» About this task
In your copy, the records appear word for word and the pictures do not appear at all.

» Data supplied
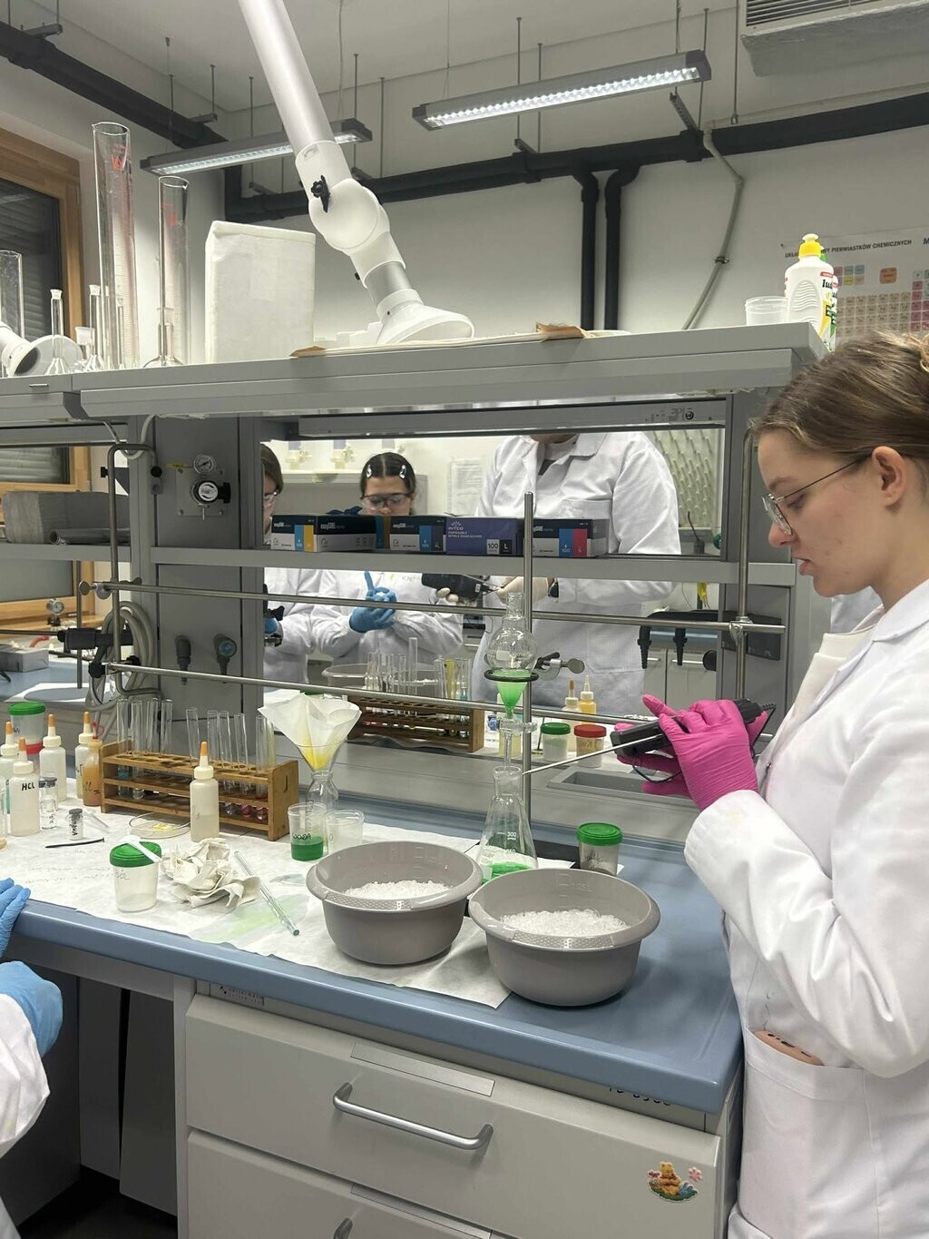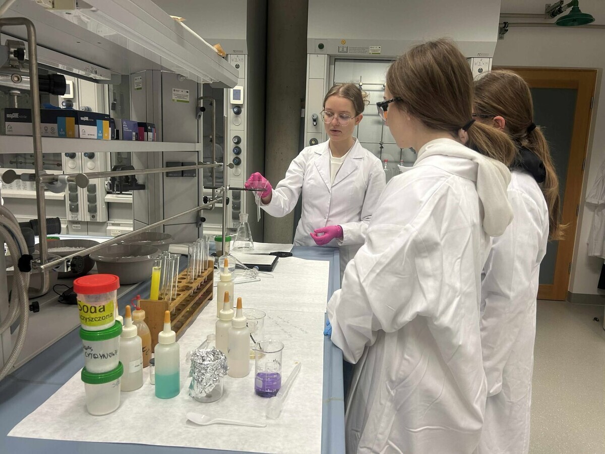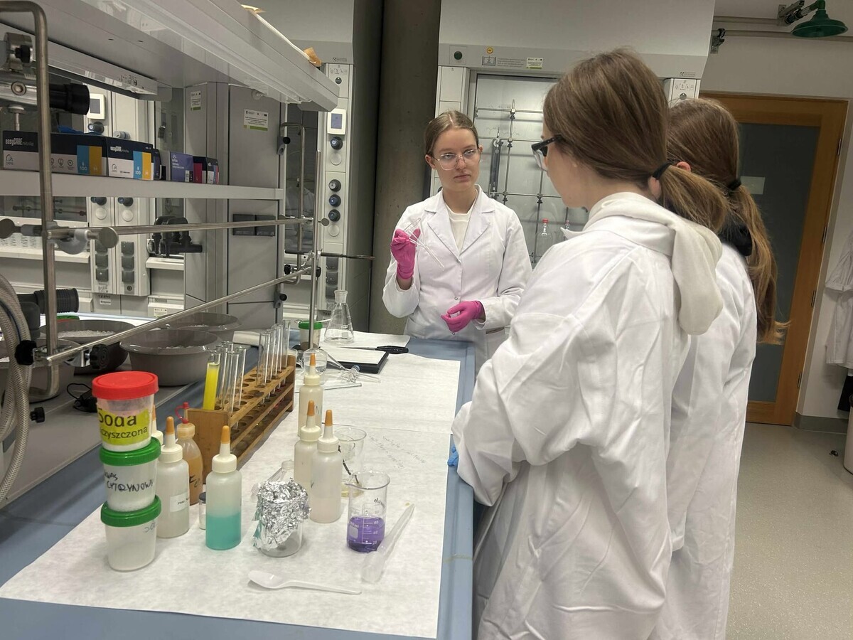 "Eksperymenty, których nie zrobisz w szkole" to warsztaty chemiczne, w których udział wzięli uczniowie klas VII i VIII Niepublicznej Szkoły Podstawowej w Załukach. Zajęcia pod opieką dr. Pawła Misiaka poprowadzili członkowie Koła Naukowego Chemików UwB "Pozyton". We środę, 3 grudnia, młodzież z SP w Załukach w laboratorium chemicznym badała właściwości kwasów i zasad, rozdzielała mieszaniny, prowadziła obserwacje reakcji spalania i elekrolizy. Dzięki profesjonalnym warunkom uczniowie mogli doświadczyć zagadnień z podstawy programowej w praktyce oraz pogłębić wiedzę poprzez aktywny udział w eksperymentach.
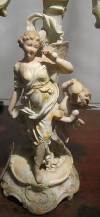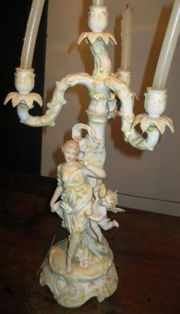 - Candeeiro de catro luces en porcelana tipo biscuit, orixinal da fábrica de Sitzendorf. Desmontábel en dúas pezas, base con figuración e vástago de remate, consta de tres brazos a maiores do central que remata a composición. Decorado con motivos florais e de rocalla, todo él en tons amarelos pasteis. O asunto iconográfico representado podería aludir ao amor no seu sentido tráxico en virtude do mito recreado, ainda que de acordo con esa estética rococó máis xuguetona, sofisticada e frívola que segue a peza, inspirada na pintura dun Fragonard ou dun Boucher, por exemplo. Represéntase a Psyche, ou alma humana, acompañada por un putto que poderíamos identificar con Céfiro, o vento enviado por Cupido para salvar á súa amada. Outra posibilidade é que se trate de Anteros, irmán de Cupido e personificación da vinganza do amor non correspondido. Ela vai ataviada cun chitón, coa cabeleira recollida nun moño e suxeito sobre da testa cunha cinta, e descalza. Os dous con ás de bolboreta, o seu atributo máis evidente (tanto de Psyche como de Anteros e o propio Céfiro). Onde a traxedia? Psyche e Anteros/Céfiro sopran pompas de xabrón, emblema clásico da fugacidade do tempo e polo tanto, do amor, coma así lle aconteceu a Psyche.
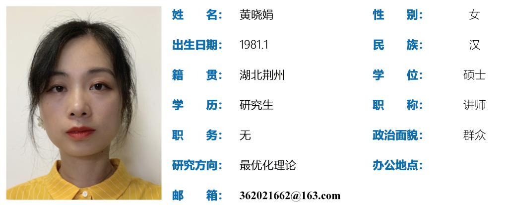 黄晓娟,女,生于1981年1月,硕士,讲师,主要研究生方向为最优化理论,获beat365官方网站青年教师讲课比赛一等奖1项,三等奖1项,发表学术论文8篇,指导湖北省高校师范专业教学技能大赛获一等奖3项、二等奖2项。
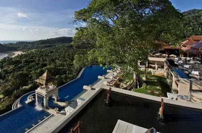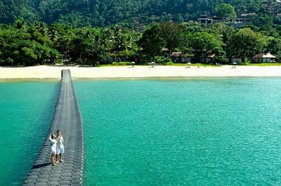 Connaissez-vous le coup de foudre ? Le vrai, l'unique ? Non ? Alors, préparez-vous ! Icône de la Kantiang Beach, l'hôtel surplombe les eaux turquoises de la mer d'Adaman, à l'image d'un palais exotique. Les chambres des villas brillent d'un raffinement extrême, mêlant pierres et bois bruts. Postez-vous sur votre balcon et laissez-vous porter ! Une brise marine vous conduira jusqu'à la plage et les bruissements d'ailes jusque dans la canopée. Le Pimalai est un domaine où tout a été imaginé pour servir dame Nature, sans jamais l'étouffer. Cette jungle dépaysante vous donnera l'impression d'être au milieu de nulle part. Les chambres s'étagent telles des terrasses naturelles au-dessus d'une cascade de perspectives, des piscines à débordement jusqu'à la baie. La piscine sommitale a tout d'un bassin sacré. Des marches y accèdent à l'image des ghats de Bénarès et un dais central semble attendre le retour d'une statue processionnelle. Le choix d'une déco contemporaine, à la fois sobre et chaleureuse, fait la place belle au bois sombre et aux couleurs claires. On craque sur les salles de bain intégrées derrière des murs de pierres de lave. Comble de l'exotisme ! Côté saveurs, les effluves du curry aux crevettes du Spice and Rice Restaurant vous transporteront elles-aussi dans univers de raffinement. Impossible de vous ennuyer, entre les courts de tennis, les balades à vélo et les sessions de wake board ! Le soir, vêtu de votre tenue la plus légère, votre seul accessoire sera un cocktail aux mille et une couleurs...
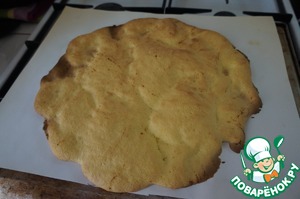 Отсоединяем корж от бумаги, ставим сверху форму и по ее бортикам обрезаем края коржа, так чтобы вышел ровный круг.

» Reply
 "Eksperymenty, których nie zrobisz w szkole" to warsztaty chemiczne, w których udział wzięli uczniowie klas VII i VIII Niepublicznej Szkoły Podstawowej w Załukach. Zajęcia pod opieką dr. Pawła Misiaka poprowadzili członkowie Koła Naukowego Chemików UwB "Pozyton". We środę, 3 grudnia, młodzież z SP w Załukach w laboratorium chemicznym badała właściwości kwasów i zasad, rozdzielała mieszaniny, prowadziła obserwacje reakcji spalania i elekrolizy. Dzięki profesjonalnym warunkom uczniowie mogli doświadczyć zagadnień z podstawy programowej w praktyce oraz pogłębić wiedzę poprzez aktywny udział w eksperymentach.
 - Candeeiro de catro luces en porcelana tipo biscuit, orixinal da fábrica de Sitzendorf. Desmontábel en dúas pezas, base con figuración e vástago de remate, consta de tres brazos a maiores do central que remata a composición. Decorado con motivos florais e de rocalla, todo él en tons amarelos pasteis. O asunto iconográfico representado podería aludir ao amor no seu sentido tráxico en virtude do mito recreado, ainda que de acordo con esa estética rococó máis xuguetona, sofisticada e frívola que segue a peza, inspirada na pintura dun Fragonard ou dun Boucher, por exemplo. Represéntase a Psyche, ou alma humana, acompañada por un putto que poderíamos identificar con Céfiro, o vento enviado por Cupido para salvar á súa amada. Outra posibilidade é que se trate de Anteros, irmán de Cupido e personificación da vinganza do amor non correspondido. Ela vai ataviada cun chitón, coa cabeleira recollida nun moño e suxeito sobre da testa cunha cinta, e descalza. Os dous con ás de bolboreta, o seu atributo máis evidente (tanto de Psyche como de Anteros e o propio Céfiro). Onde a traxedia? Psyche e Anteros/Céfiro sopran pompas de xabrón, emblema clásico da fugacidade do tempo e polo tanto, do amor, coma así lle aconteceu a Psyche.
 黄晓娟,女,生于1981年1月,硕士,讲师,主要研究生方向为最优化理论,获beat365官方网站青年教师讲课比赛一等奖1项,三等奖1项,发表学术论文8篇,指导湖北省高校师范专业教学技能大赛获一等奖3项、二等奖2项。
 Connaissez-vous le coup de foudre ? Le vrai, l'unique ? Non ? Alors, préparez-vous ! Icône de la Kantiang Beach, l'hôtel surplombe les eaux turquoises de la mer d'Adaman, à l'image d'un palais exotique. Les chambres des villas brillent d'un raffinement extrême, mêlant pierres et bois bruts. Postez-vous sur votre balcon et laissez-vous porter ! Une brise marine vous conduira jusqu'à la plage et les bruissements d'ailes jusque dans la canopée. Le Pimalai est un domaine où tout a été imaginé pour servir dame Nature, sans jamais l'étouffer. Cette jungle dépaysante vous donnera l'impression d'être au milieu de nulle part. Les chambres s'étagent telles des terrasses naturelles au-dessus d'une cascade de perspectives, des piscines à débordement jusqu'à la baie. La piscine sommitale a tout d'un bassin sacré. Des marches y accèdent à l'image des ghats de Bénarès et un dais central semble attendre le retour d'une statue processionnelle. Le choix d'une déco contemporaine, à la fois sobre et chaleureuse, fait la place belle au bois sombre et aux couleurs claires. On craque sur les salles de bain intégrées derrière des murs de pierres de lave. Comble de l'exotisme ! Côté saveurs, les effluves du curry aux crevettes du Spice and Rice Restaurant vous transporteront elles-aussi dans univers de raffinement. Impossible de vous ennuyer, entre les courts de tennis, les balades à vélo et les sessions de wake board ! Le soir, vêtu de votre tenue la plus légère, votre seul accessoire sera un cocktail aux mille et une couleurs...
 Отсоединяем корж от бумаги, ставим сверху форму и по ее бортикам обрезаем края коржа, так чтобы вышел ровный круг.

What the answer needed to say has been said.